▸ Data provided
»»
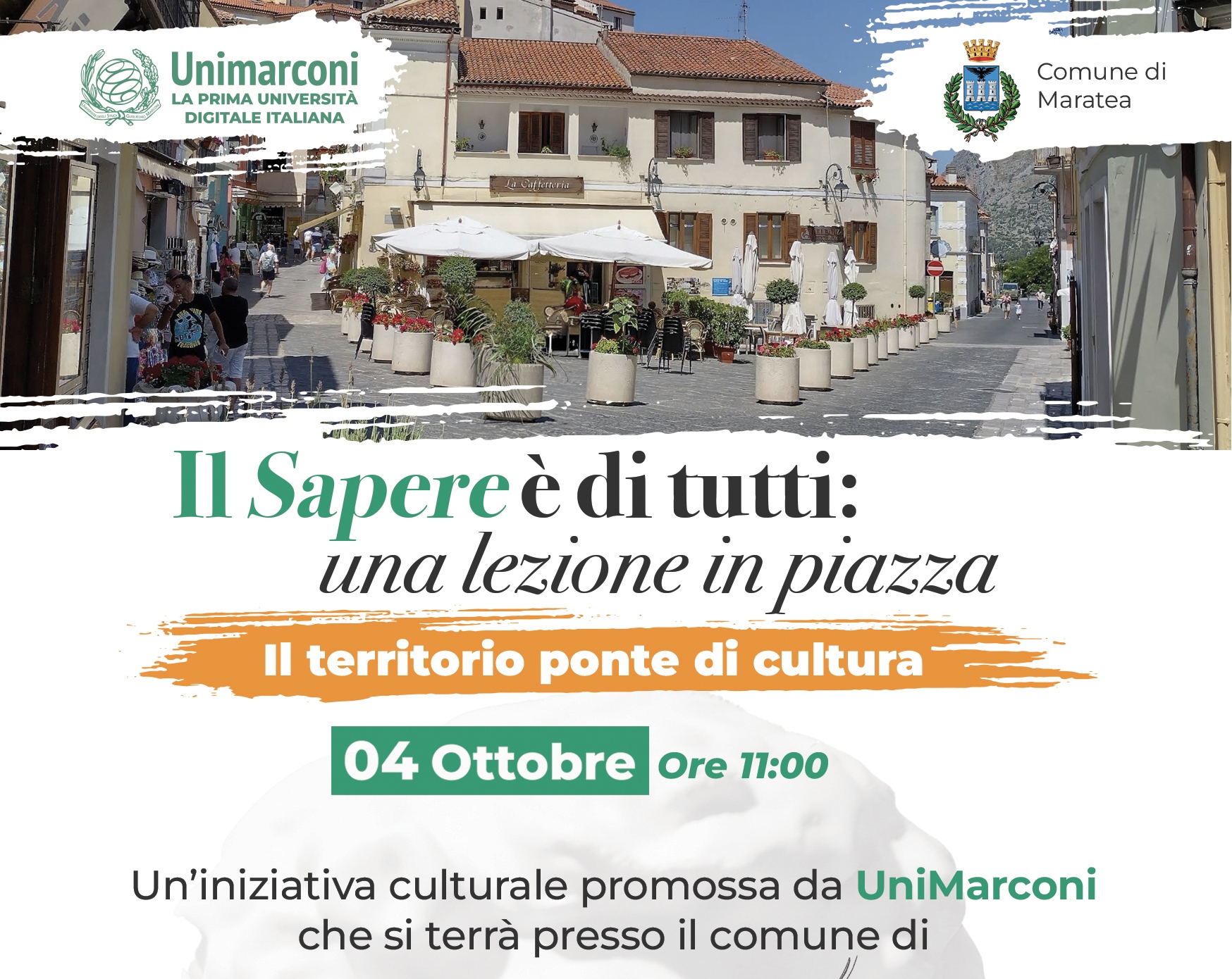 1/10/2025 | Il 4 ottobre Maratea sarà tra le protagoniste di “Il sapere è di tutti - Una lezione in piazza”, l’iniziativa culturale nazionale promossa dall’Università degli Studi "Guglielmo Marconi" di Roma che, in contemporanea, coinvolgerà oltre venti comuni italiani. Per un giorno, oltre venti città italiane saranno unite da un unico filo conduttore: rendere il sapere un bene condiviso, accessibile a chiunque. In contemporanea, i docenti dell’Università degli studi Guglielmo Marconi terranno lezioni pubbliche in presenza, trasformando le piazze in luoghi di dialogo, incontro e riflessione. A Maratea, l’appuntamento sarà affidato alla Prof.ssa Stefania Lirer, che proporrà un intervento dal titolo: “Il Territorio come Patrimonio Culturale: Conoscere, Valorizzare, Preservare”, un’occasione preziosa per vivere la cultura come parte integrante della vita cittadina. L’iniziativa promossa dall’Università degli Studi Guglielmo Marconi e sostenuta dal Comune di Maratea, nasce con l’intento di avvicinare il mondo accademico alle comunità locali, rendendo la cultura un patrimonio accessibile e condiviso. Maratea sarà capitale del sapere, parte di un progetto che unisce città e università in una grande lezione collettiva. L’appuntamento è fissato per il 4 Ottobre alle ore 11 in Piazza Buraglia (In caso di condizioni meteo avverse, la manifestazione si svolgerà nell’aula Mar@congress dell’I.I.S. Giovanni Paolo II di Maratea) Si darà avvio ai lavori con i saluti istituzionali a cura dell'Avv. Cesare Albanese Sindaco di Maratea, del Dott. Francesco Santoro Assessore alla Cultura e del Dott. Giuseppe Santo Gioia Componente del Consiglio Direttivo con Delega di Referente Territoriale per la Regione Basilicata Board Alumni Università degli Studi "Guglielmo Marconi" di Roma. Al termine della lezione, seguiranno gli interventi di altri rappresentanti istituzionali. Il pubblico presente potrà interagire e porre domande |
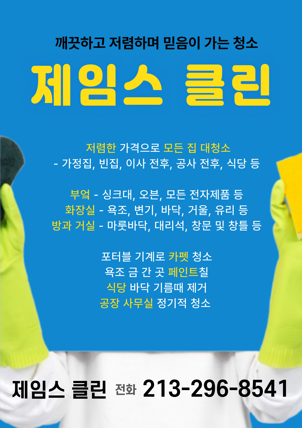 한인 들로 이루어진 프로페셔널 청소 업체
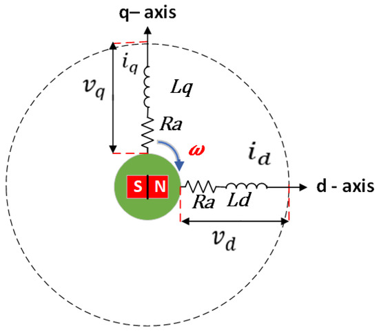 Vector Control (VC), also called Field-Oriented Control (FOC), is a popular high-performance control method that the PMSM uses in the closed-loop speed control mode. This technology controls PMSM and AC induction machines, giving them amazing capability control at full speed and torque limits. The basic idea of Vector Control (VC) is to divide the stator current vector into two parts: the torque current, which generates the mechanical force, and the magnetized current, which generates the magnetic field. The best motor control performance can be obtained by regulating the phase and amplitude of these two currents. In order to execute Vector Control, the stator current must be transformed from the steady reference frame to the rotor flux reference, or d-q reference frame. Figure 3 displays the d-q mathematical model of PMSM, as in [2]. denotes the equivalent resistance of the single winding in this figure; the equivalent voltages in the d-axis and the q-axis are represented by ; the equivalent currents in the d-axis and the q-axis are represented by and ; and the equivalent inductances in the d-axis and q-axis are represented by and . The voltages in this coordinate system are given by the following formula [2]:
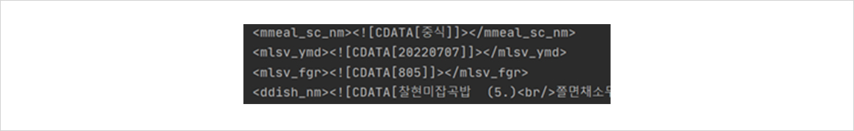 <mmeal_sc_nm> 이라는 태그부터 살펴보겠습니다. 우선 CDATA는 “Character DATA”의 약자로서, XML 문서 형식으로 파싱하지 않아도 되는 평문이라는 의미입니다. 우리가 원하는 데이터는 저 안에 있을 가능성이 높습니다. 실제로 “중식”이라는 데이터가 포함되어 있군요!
««
▸ Exercise objective
Pictures aside, retype the material exactly.

▸ The completed task
 1/10/2025 | Il 4 ottobre Maratea sarà tra le protagoniste di “Il sapere è di tutti - Una lezione in piazza”, l’iniziativa culturale nazionale promossa dall’Università degli Studi "Guglielmo Marconi" di Roma che, in contemporanea, coinvolgerà oltre venti comuni italiani. Per un giorno, oltre venti città italiane saranno unite da un unico filo conduttore: rendere il sapere un bene condiviso, accessibile a chiunque. In contemporanea, i docenti dell’Università degli studi Guglielmo Marconi terranno lezioni pubbliche in presenza, trasformando le piazze in luoghi di dialogo, incontro e riflessione. A Maratea, l’appuntamento sarà affidato alla Prof.ssa Stefania Lirer, che proporrà un intervento dal titolo: “Il Territorio come Patrimonio Culturale: Conoscere, Valorizzare, Preservare”, un’occasione preziosa per vivere la cultura come parte integrante della vita cittadina. L’iniziativa promossa dall’Università degli Studi Guglielmo Marconi e sostenuta dal Comune di Maratea, nasce con l’intento di avvicinare il mondo accademico alle comunità locali, rendendo la cultura un patrimonio accessibile e condiviso. Maratea sarà capitale del sapere, parte di un progetto che unisce città e università in una grande lezione collettiva. L’appuntamento è fissato per il 4 Ottobre alle ore 11 in Piazza Buraglia (In caso di condizioni meteo avverse, la manifestazione si svolgerà nell’aula Mar@congress dell’I.I.S. Giovanni Paolo II di Maratea) Si darà avvio ai lavori con i saluti istituzionali a cura dell'Avv. Cesare Albanese Sindaco di Maratea, del Dott. Francesco Santoro Assessore alla Cultura e del Dott. Giuseppe Santo Gioia Componente del Consiglio Direttivo con Delega di Referente Territoriale per la Regione Basilicata Board Alumni Università degli Studi "Guglielmo Marconi" di Roma. Al termine della lezione, seguiranno gli interventi di altri rappresentanti istituzionali. Il pubblico presente potrà interagire e porre domande |
 한인 들로 이루어진 프로페셔널 청소 업체
 Vector Control (VC), also called Field-Oriented Control (FOC), is a popular high-performance control method that the PMSM uses in the closed-loop speed control mode. This technology controls PMSM and AC induction machines, giving them amazing capability control at full speed and torque limits. The basic idea of Vector Control (VC) is to divide the stator current vector into two parts: the torque current, which generates the mechanical force, and the magnetized current, which generates the magnetic field. The best motor control performance can be obtained by regulating the phase and amplitude of these two currents. In order to execute Vector Control, the stator current must be transformed from the steady reference frame to the rotor flux reference, or d-q reference frame. Figure 3 displays the d-q mathematical model of PMSM, as in [2]. denotes the equivalent resistance of the single winding in this figure; the equivalent voltages in the d-axis and the q-axis are represented by ; the equivalent currents in the d-axis and the q-axis are represented by and ; and the equivalent inductances in the d-axis and q-axis are represented by and . The voltages in this coordinate system are given by the following formula [2]:
 <mmeal_sc_nm> 이라는 태그부터 살펴보겠습니다. 우선 CDATA는 “Character DATA”의 약자로서, XML 문서 형식으로 파싱하지 않아도 되는 평문이라는 의미입니다. 우리가 원하는 데이터는 저 안에 있을 가능성이 높습니다. 실제로 “중식”이라는 데이터가 포함되어 있군요!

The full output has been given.